OK, that works as well. My idea was to have a buffer on the flashrom side which can then be compacted or optimized and translated by the programmer driver before sending it off to the device. Such a buffer inside flashrom is optional, though.
What you want is an explicit execute_buffer() function. Writes and delays don't return anything by default. The programmer driver decides when to issue execute_buffer()
There will be execute buffer command on the AVR, but if (eg.) the AVR (for any reason) cannot process serial data as fast as it can receive serial data to it's serial buffer, then sending more bytes of commands than it's serial buffer to it could cause it to lose data. Eg. you need to be able to ask it that it has processed all the commands given.
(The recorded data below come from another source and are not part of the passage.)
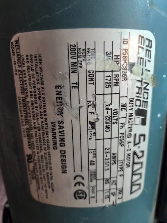 - RELIANCE S 2000P56H3886R 3/4HP MOTOR 2.8-3.0A 1725RPM FC56P 208-230/460 NEW $299
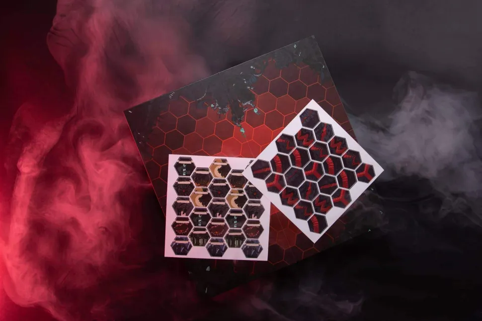 The map is printed on thick cardboard (akin to a board game) and is 45cm square when unfolded. Each is supplied with two sheets of hex-shaped stickers – a mix of landmarks (each themed after one of the game’s Domains) with a blank space to write a name, and connections to stitch them together.
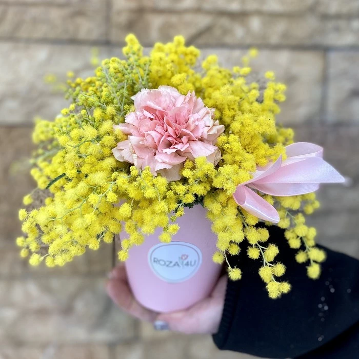 Небольшая весенняя композиция украсит ваш дом и принесет в него весеннее настроение. Ароматная мимоза - символ 8 марта и весны.
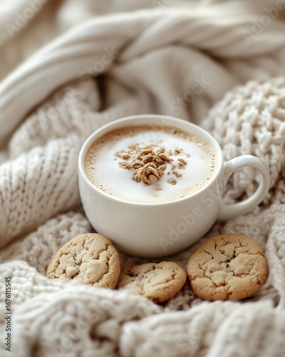 Kubek z kawą posypaną orzechami, ustawiony na beżowym dzianym kocu obok trzech ciasteczek. Całość tworzy przytulną, domową kompozycję.

Yes, for that you need flow control. For example, you you have the programmer return the amount of bytes free in the buffer after each command stream you send to the device.
Regards, Carl-Daniel
Yes, for that you need flow control. For example, you you have the programmer return the amount of bytes free in the buffer after each command stream you send to the device.
For a moment i was adding a "return bytes free in buffer" command to the protocol, but then i realized that if the code sent that command as the last in command stream, and waited for the answer, the answer would always be that the buffer is empty, because it just had to go though all the data in the buffer to get the command. So i'm sticking with the - query buffer size in the beginning - when doing opbuf writes, count bytes sent - if about to have sent too many bytes, instead send NOP and wait for the ACK and clear the counter and continue
I have the protocol specification ready and the AVR code compiles already, i'm just moving to flashrom code. I'll attach the .txt to this mail, it's better viewed with proper tabs and fixed-width font (leafpad fullscreen 1280x1024 is nice :P).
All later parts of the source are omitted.